HM Treasury has released a new PPP Policy Note on the early termination of PFI contracts, a copy of the note can be accessed here.
The note describes HM Treasury’s approach to early termination where neither party is in default under the terms of the project agreement, but where the public authority nevertheless wishes to voluntarily terminate the PFI arrangement. Public authorities seem to have become more aware of the possibility of using this option since the termination of the Hexham General Hospital PFI in 2014 (see Case Study below).
The publication of this new Policy Note may suggest that Government expects the voluntary termination of PFI projects to become routine, but the tone of the note and approach outlined indicate that this is unlikely, with voluntary termination being described as a novel, contentious and potentially repercussive transaction and the incidence of voluntary termination is anticipated to be low.
Public authorities will need to give detailed consideration to the value for money of terminating a PFI arrangement, not just in respect of itself, but also in relation to the public sector as a whole, bearing in mind that enhanced compensation is usually payable to the private sector on voluntary termination. The sponsoring department will need to convince HM Treasury of this before voluntary termination will be approved.
The Policy Note envisages that HM Treasury will consider issues such as: the resources required and the ability of the terminating Authority to continue to provide the services provided under the PFI Contract; whether the terminating Authority will be able to secure a public value for money outcome; and the relative priority of the proposed termination against any other possible termination proposal in an environment of constrained resources.
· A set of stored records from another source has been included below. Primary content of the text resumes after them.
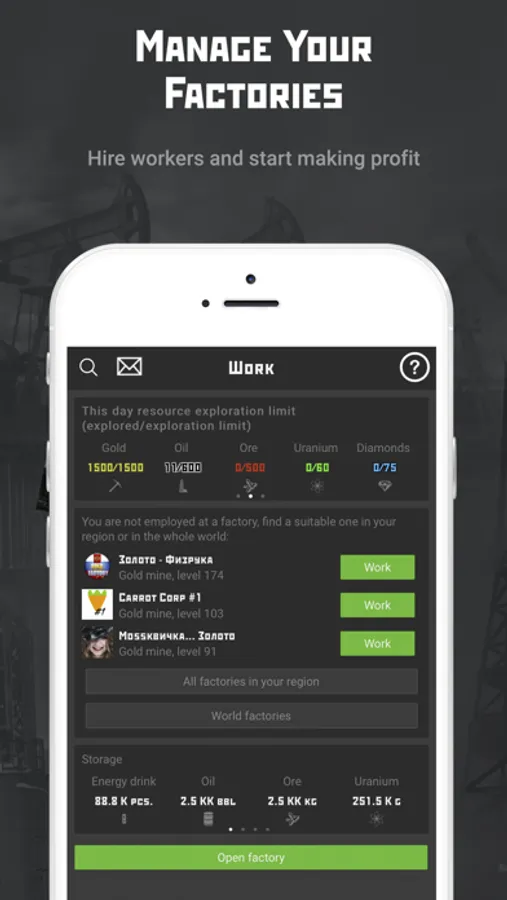 In Rival Regions you will be able to create political parties, get a place in parliament and issue laws, travel to hundreds of regions all over the world and obtain oil, gold, ore, uranium and diamonds.
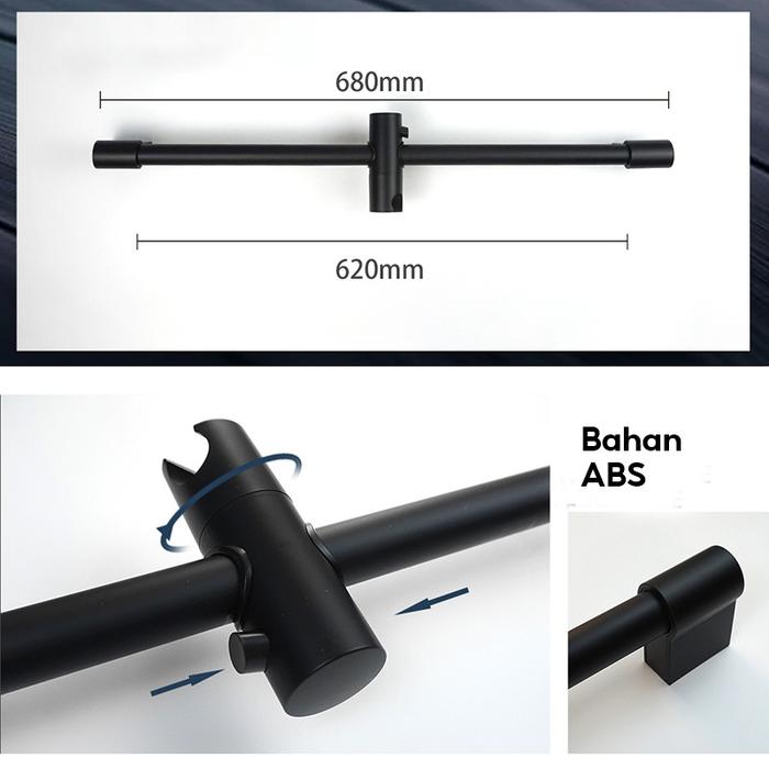 1SET Shower Lengkap Hitam Balok ABS & Stainles SJ-69 Set Selang Tiang - HITAM
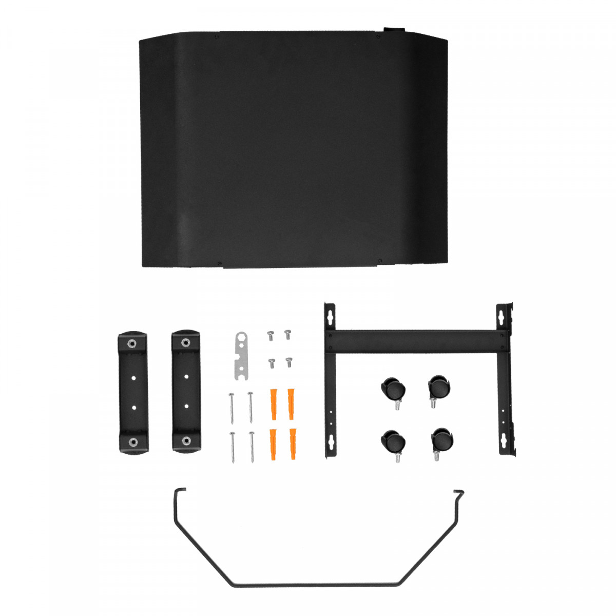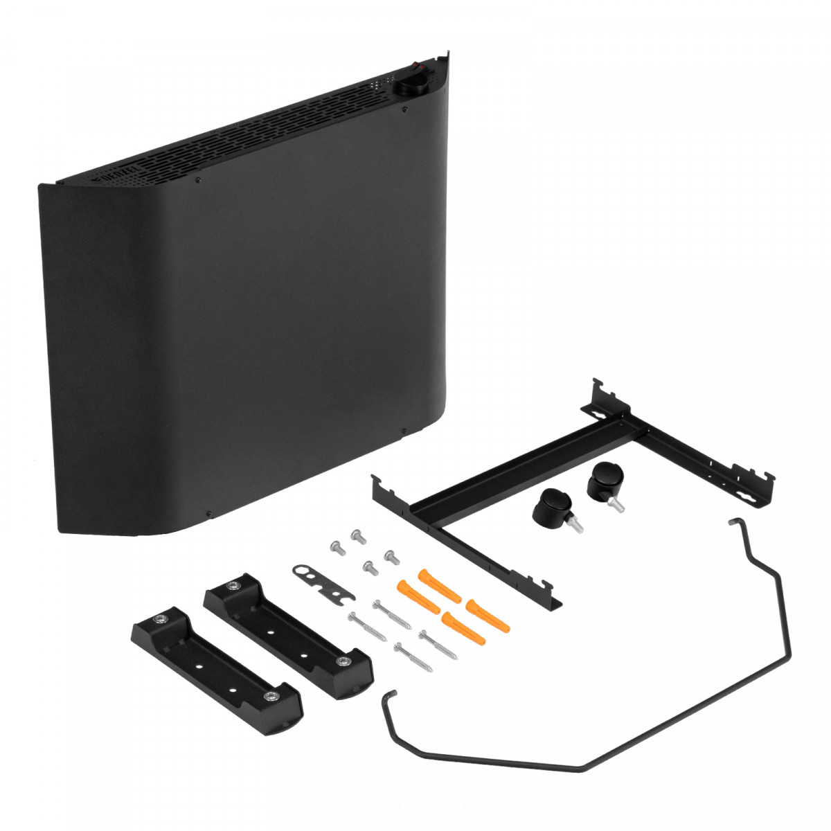 • Напольная или настенная установка — в комплект поставки включена цельнометаллическая крепежная рамка для стены, а также стальные ножки с колесами.
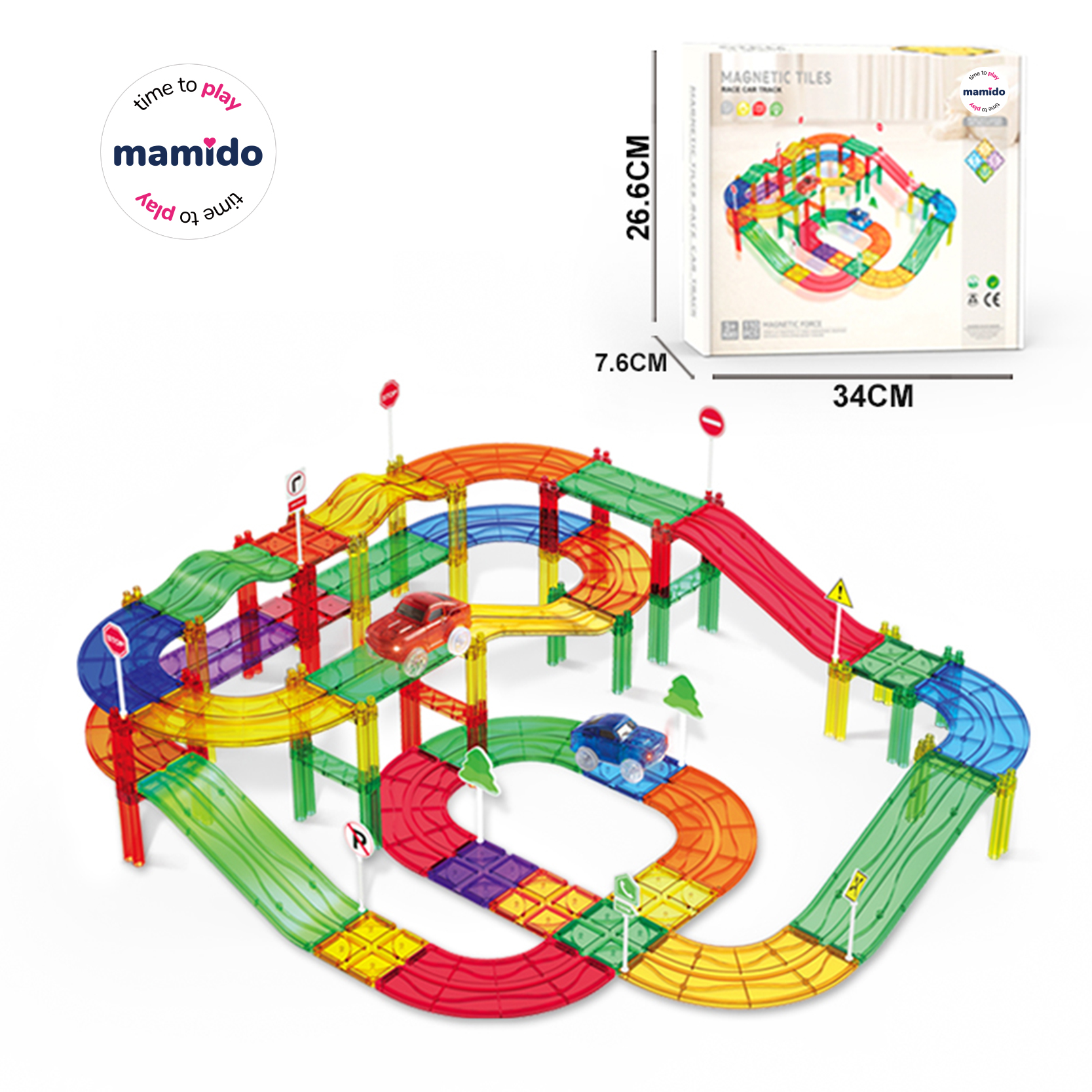 Farebná magnetická stavebnica s autodráhou ponúka deťom kreatívnu zábavu aj možnosť stavať vlastné mesto plné mostov, zákrut a križovatiek. Sada obsahuje 110 dielikov vrátane dopravných značiek, ciest, mostov a dvoch elektrických autíčok, ktoré sa samy pohybujú po postavenej trati. Vďaka jednoduchému magnetickému systému možno diely ľahko spájať a odpájať, takže deti môžu trať neustále meniť a prispôsobovať podľa svojej fantázie.
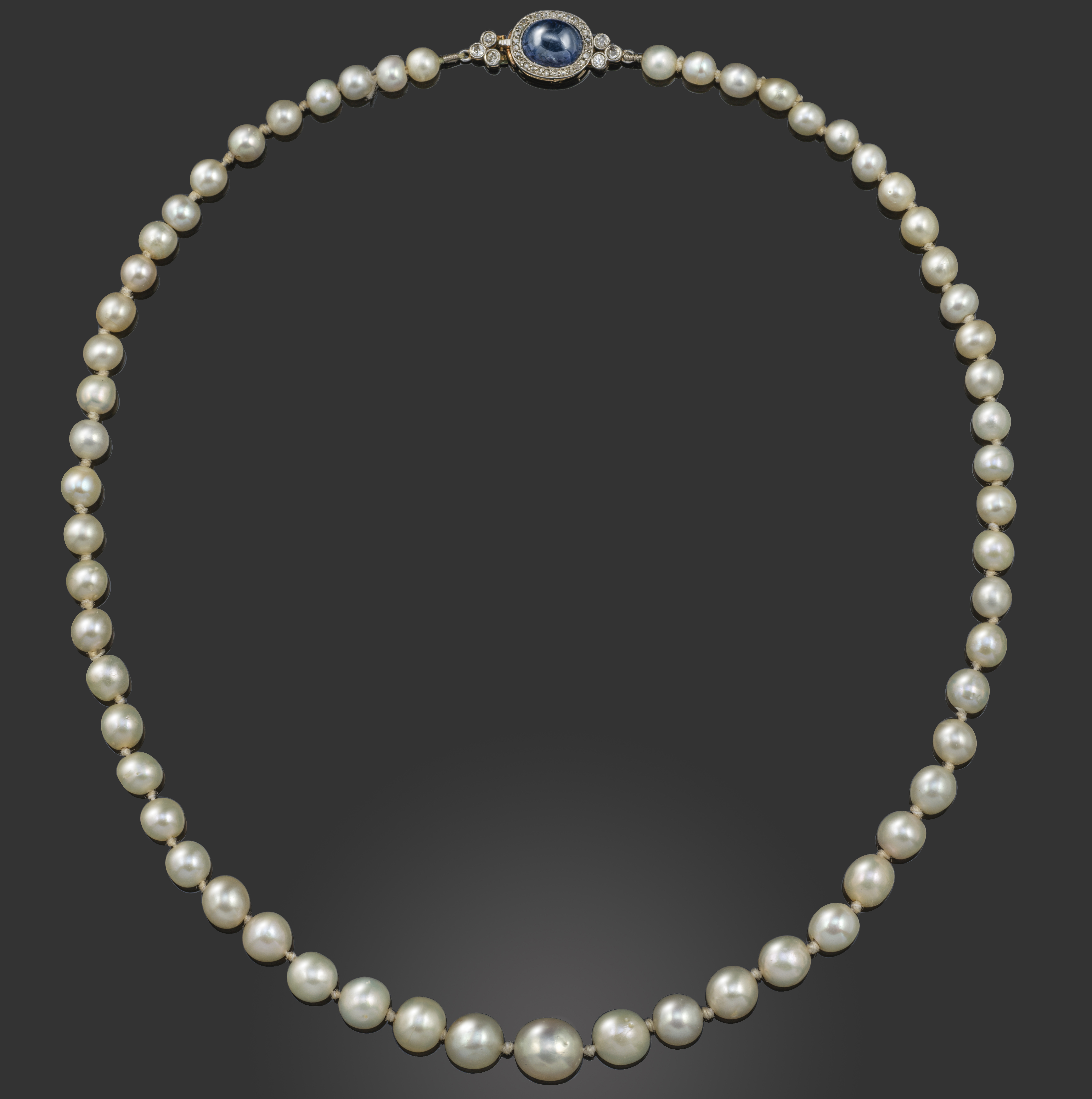 A natural pearl necklace, early 20th century, designed as a single strand of graduated natural pearls measuring approximately 4.75-9.21mm diameter, to a clasp set with a cabochon sapphire bordered by rose-cut diamonds, length 40cm
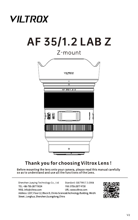 Viltrox AF 35/1.2 LAB Z Manual

Any PFI asset which was off balance sheet for national accounts purposes will be on balance following termination. The costs of buying out a PFI project will form part of the public sector net debt.
While a rash of PFI project terminations currently seems unlikely, the Government is continuing to seek savings in operational PFI projects, and some schemes which are not providing value for the public sector may well be considered and approved for termination where a business case and a value for money assessment support that conclusion.
Case Study: Hexham General Hospital
Financial close on the Hexham General Hospital project was reached in 2001, with the hospital being officially opened by Tony Blair in 2004. Northumbria Healthcare NHS Foundation Trust voluntarily terminated the project in autumn 2014, 19 years before the project was due to end. The Trust believes that by operating the facility itself it will save around £3 million a year. The Trust was able to fund the termination by taking a loan in excess of £100 million from Northumberland County Council.